Pertussis is another example. Within one year of the final acellular pertussis booster, and the effectiveness is reduced to around 73%, falling to 34% within two to four years. With the Tdap, which is a similar vaccine for those of six years of age and older, the efficacy drops to 69% at one year, and after four years, its effectiveness is measured at around 9%. Natural immunity may last for four to 20 years. So, we have a problem. The pattern of natural herd immunity associated with measles and the accompanying decrease in serious morbidity and mortality has been interrupted and indeed corrupted by vaccination. And this makes it very difficult to predict how vaccinated populations might respond to, say, a new strain of measles virus that has escaped the quasi protection conferred by measles vaccine.

If we put genetic selection pressure on the measles virus by an inadequate cellular immune response, and we create new mutants that are able to evade the immunity that is induced by the vaccine strain, then we have a potential problem because we create a population at risk. Vaccinated and unvaccinated who are no longer immune to this escape mutant.

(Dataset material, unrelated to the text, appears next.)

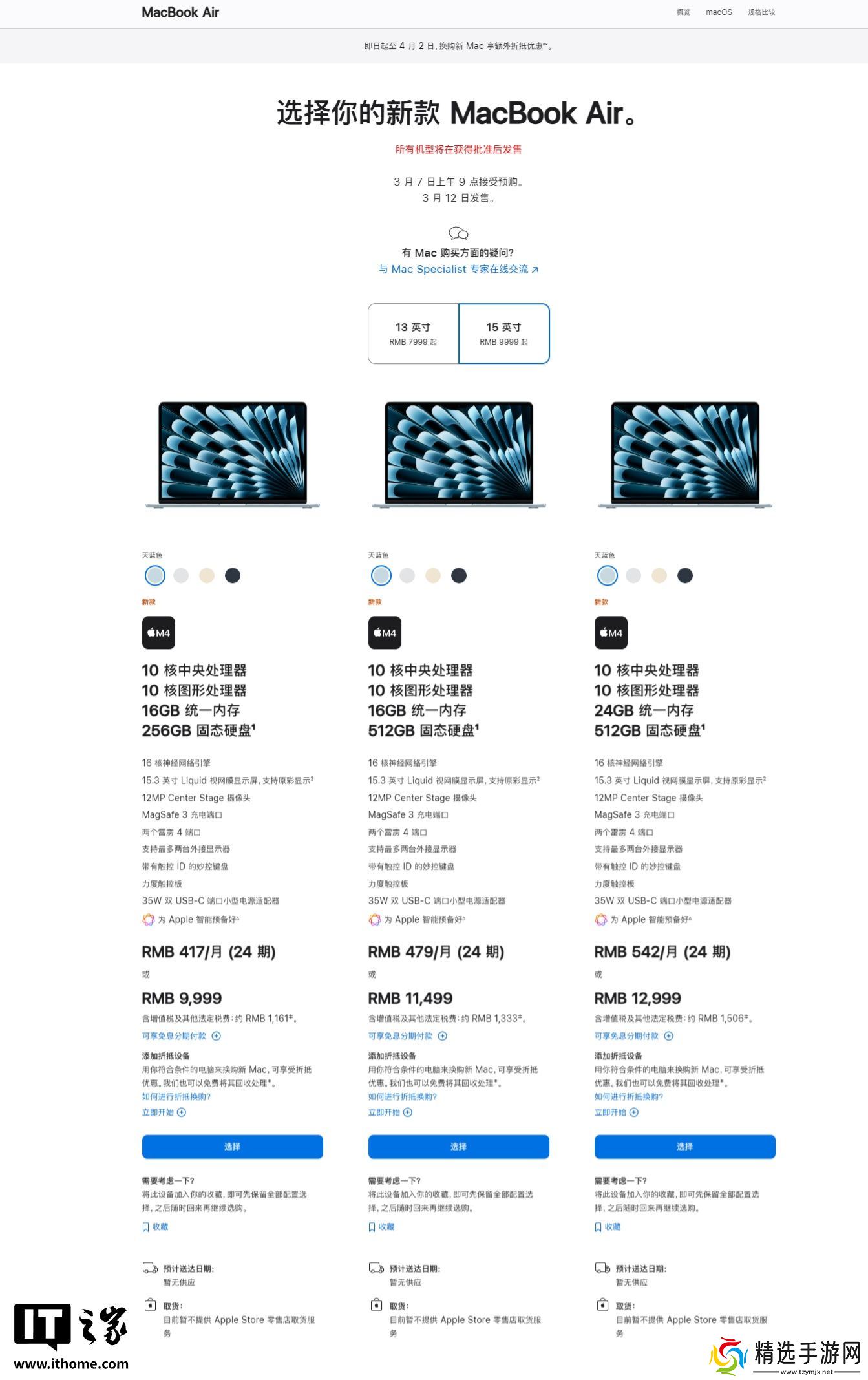 本站 3 月 5 日消息,苹果发布配备 M4 芯片13 英寸和 15 英寸 MacBook Air 新机型,并新增“天蓝色”配色,国行售价 7999 元起(点此查看),较上一代下调 1000 元,具体售价如下:

And if that occurs, then we risk high morbidity and mortality from measles once again.

So the exercise here is to consider, what have we learned from real world experience with these live viral vaccines? What is the broader effect of the vaccine, not just in the individual, but the effect upon the population? Live viral vaccines induce perfect... Imperfect immunity, and does imperfect immunity put selection pressure on the virus just as using antibiotics which are only partially effective against a bacterium, but encourages the evolution of bacterial resistance to antibiotics?

And please challenge the assumptions made in my graphic and come up with your own.